*** PROVIDED MATERIAL ***

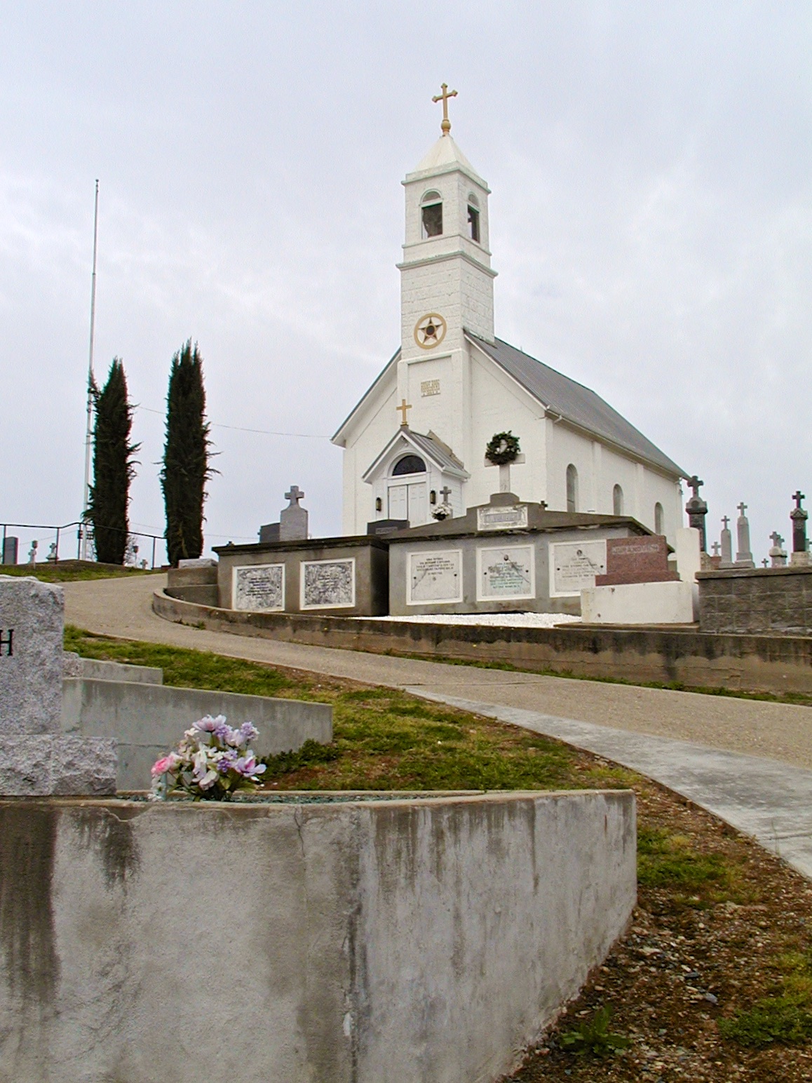 Next I drove out to a modern day cemetery on highway 88 which was well maintained and very interesting. The cache, Sunset View, was easy to find (1:58 PM), but I spent quite a bit of time taking pictures and talking with a visitor who really seemed to want to talk.It was time to start back for Pine Grove, but I made one stop in Jackson to hunt for SOSO. This was a great photo op. After I had taken a couple, I checked the GPSr to see where to go, and it was zeroed. So I just looked, and there it was. It’s a magnetic nano-cache on the fence. Since this church was marked as historic, I thought I might be able to claim the Time to find something Historic! locationless cache. After getting home and checking, it had not been claimed yet, so this was a two for one stop.
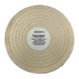 These cotton sewn polishing wheels need to have compound applied while the buffing wheel is spinning. Given their thicker and stout stack of cotton material sewn together, it's important to use a buffing wheel rake often if the compound somewhat solidifies during use on the end of the polishing wheel. A hard tacky surface of compound that has built up can be indicative of a need to use a buffing wheel rake.
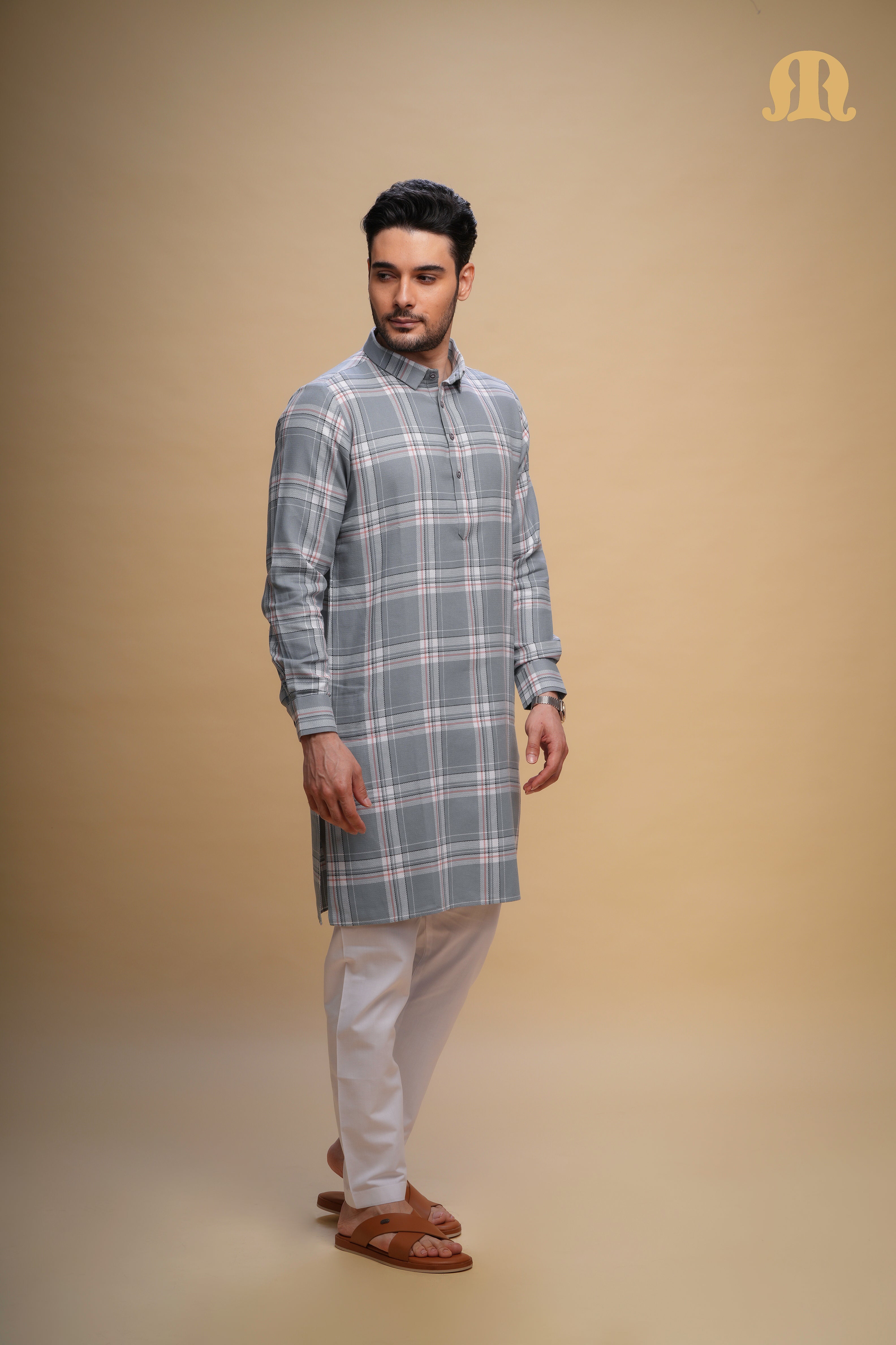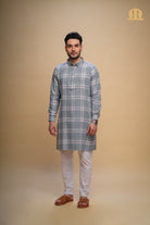 Add a touch of classic sophistication to your wardrobe with our Oxen Checks Kurta Men. Crafted from high-quality cotton, this stylish kurta features an elegant check pattern that's perfect for formal and casual occasions.

*** End of PROVIDED MATERIAL ***

## ASSIGNMENT
Copy out the material above exactly; the images stay out.

## ANSWER FOR THIS EXERCISE
 Next I drove out to a modern day cemetery on highway 88 which was well maintained and very interesting. The cache, Sunset View, was easy to find (1:58 PM), but I spent quite a bit of time taking pictures and talking with a visitor who really seemed to want to talk.It was time to start back for Pine Grove, but I made one stop in Jackson to hunt for SOSO. This was a great photo op. After I had taken a couple, I checked the GPSr to see where to go, and it was zeroed. So I just looked, and there it was. It’s a magnetic nano-cache on the fence. Since this church was marked as historic, I thought I might be able to claim the Time to find something Historic! locationless cache. After getting home and checking, it had not been claimed yet, so this was a two for one stop.
 These cotton sewn polishing wheels need to have compound applied while the buffing wheel is spinning. Given their thicker and stout stack of cotton material sewn together, it's important to use a buffing wheel rake often if the compound somewhat solidifies during use on the end of the polishing wheel. A hard tacky surface of compound that has built up can be indicative of a need to use a buffing wheel rake.
 Add a touch of classic sophistication to your wardrobe with our Oxen Checks Kurta Men. Crafted from high-quality cotton, this stylish kurta features an elegant check pattern that's perfect for formal and casual occasions.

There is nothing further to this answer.